Is there any way to encorage or limit the titles of thread? In recent weeks far too many have been popping up along the lines of "Problem", "Which should I get" and that's basicaly useless for the browser (they have to open every thread to see what's going on and I can't remember which one's I've read or not).

Maybe these subsections people have been refering too (engine & drivetrain, interior, ICE etc.) might be a good idea - at least people will then try and put threads in approximately the right place.


----------



## Rhod_TT (May 7, 2002)

Am I the only one bothered by this? It's driving me mad. I have to click every unknown "I need help" thread just to find out what it's about.

Is there a way we can encorage users/the OP to enter useful thread titles (like a drop down list of required 'title headers'). It doesn't mean creating seperate forum sections but it does atleast give a pointer to what a thread might contain and should therefore help with browsing.

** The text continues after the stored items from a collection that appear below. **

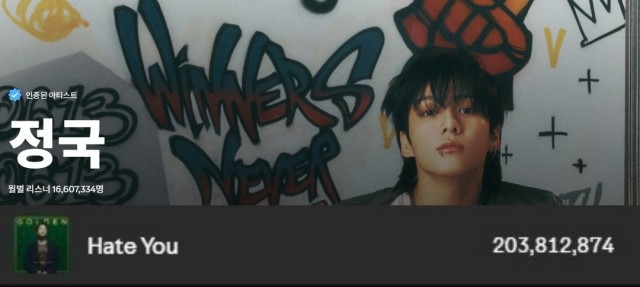 On Jungkook's personal Spotify account, there are 11 songs with over 200 million streams, including "Hate You," "Seven," "Standing Next to You," "Left and Right," "3D," "Dreamers," "Stay Alive," "Still With You," "Yes or No," "Never Let Go," and "Please Don't Change." Including the solo tracks "Euphoria" and "My Time" from the BTS album, a total of 13 songs have surpassed 200 million streams, once again proving Jungkook's stature as a global music powerhouse.
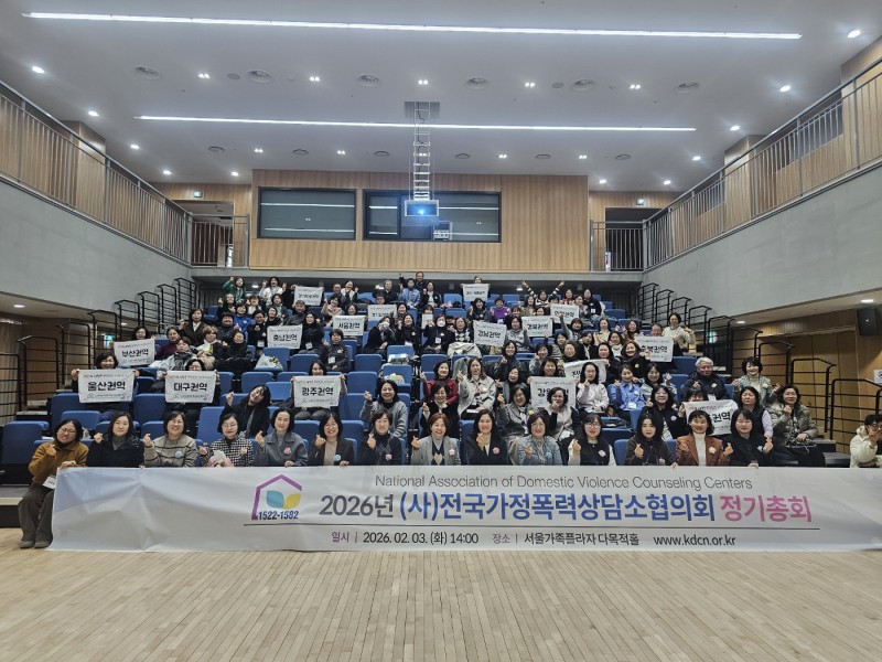 2026년 전국가정폭력상담소협의회 정기총회 참석(26.02.03) 페이지 정보 작성자 최고관리자 작성일26-02-06 15:32 조회98회 관련링크 다음글 목록 본문 1.일시:2026년 02월 03일 화요일 오후2tl2.장소:서울가족플라자 다목적홀3.안건:25년 사업보고 및 결산 공로상 전달 및 9기 임원 인준 26년 사업계획 및 예산승인 등 다음글 목록
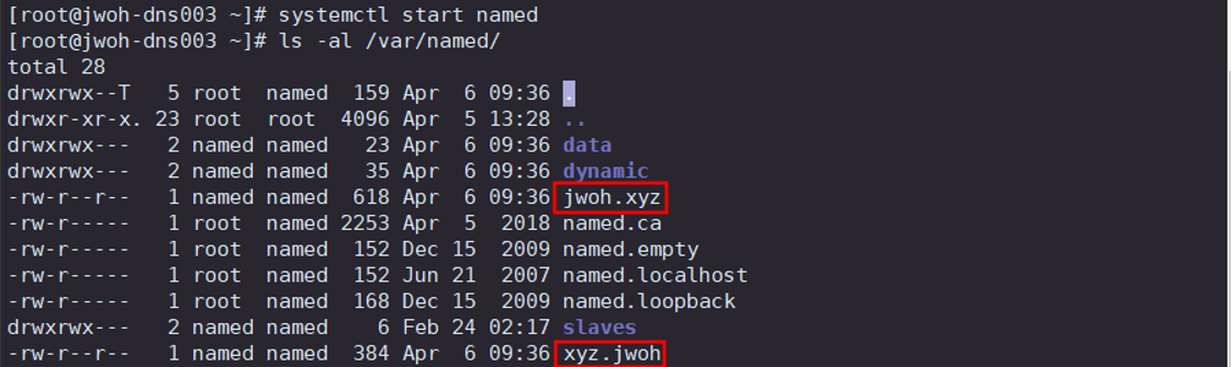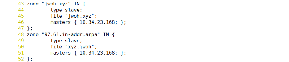 정방향 파일과 역방향 파일을 주 DNS에게서 받아옴
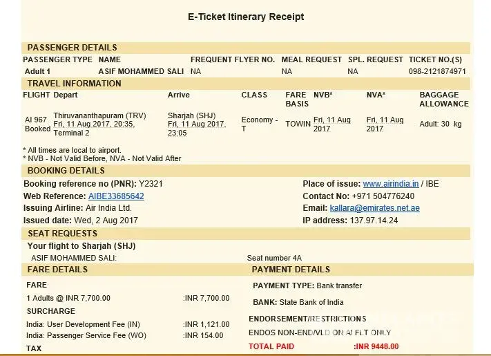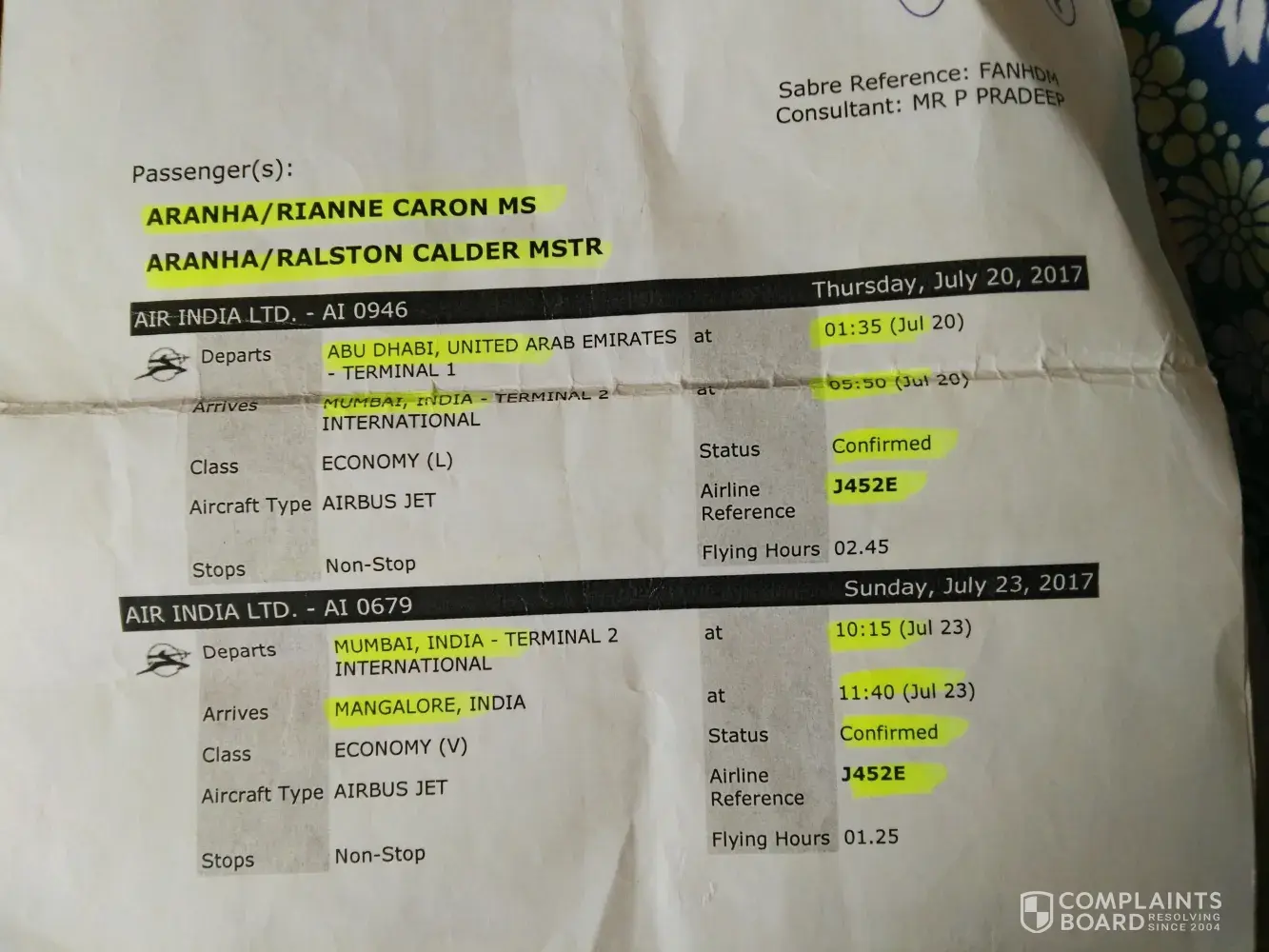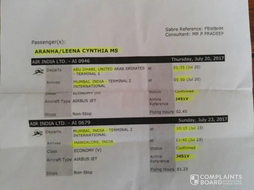 1] At the time of booking the air-tickets, I was told that the baggage allowance from Abu Dhabi to Mumbai is 30 Kgs. per ticket. And from Mumbai to Mangalore too, is 30 kgs per ticket. I was precisely informed from Air India office (Mumbai) by Staff on duty Mr. Prathik that the same is updated in the PNRs of the ticket.
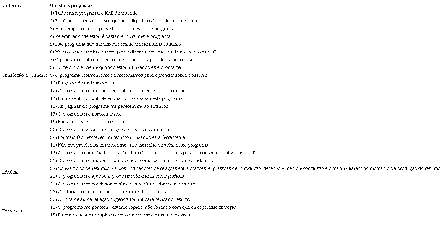 Na segunda etapa, produzimos vinte e oito questões que se enquadraram nos critérios de “satisfação”, “eficácia” e “eficiência”, nessa ordem de prioridade. Essa escolha se deu porque estávamos interessados em investigar se os usuários se sentiram satisfeitos e se obtiveram sucesso na realização das tarefas, já que essas prerrogativas os motivariam a usar o software novamente.
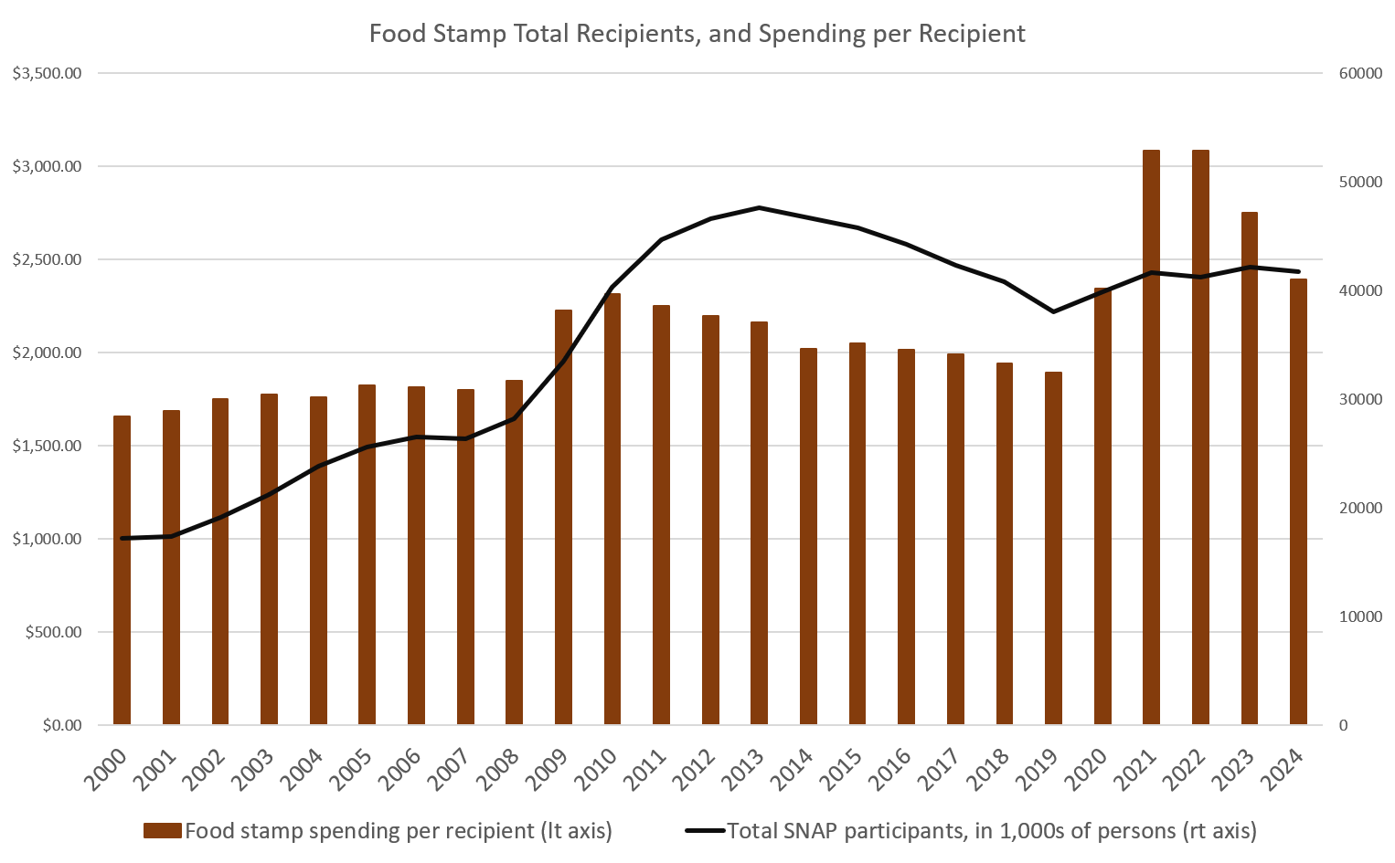 The number of food-stamp recipients has “only” increased by 47 percent over that same period, meaning that per-capita spending for recipients has gone up. In 2008, total SNAP spending per recipient was $1,847. By 2024, overall  per-recipient spending had increased by 30 percent, rising to $2,393.

eg from this mornings threads (although there doesn't seem to be any "untitled ones today").

Technical: Boost Gauge
Servicing: Help - My car is an import
Parts: tt breakers
Technical: 225 downpipe + cats...is there a point?
Technical: Brake pads...wear indicators
Technical: Front brake pads
Technical: window seems jamed
Technical: To N75 Race or not to N75 Race
Dealers/Specialists: G-WERKS
Interior: double cup holder to arm rest
Wheels/Tyres: different tyre widths front and back
Styling: Front indicator choices
Dealers/Specialists: APS - SUPERB SERVICE!
Remaps: The TT Shop Remap
Car Care: I need a clean hood!
Servicing: How much will Audi charge to replace front discs and pads?
Serviging: dealer servicing worth the money ?
Wheels/Tyres: Where do i get locking wheel nuts from?

Obviously the 'title headers' can be whatever is required and OP can change a title header if the thread takes on a distinct change in direction.


----------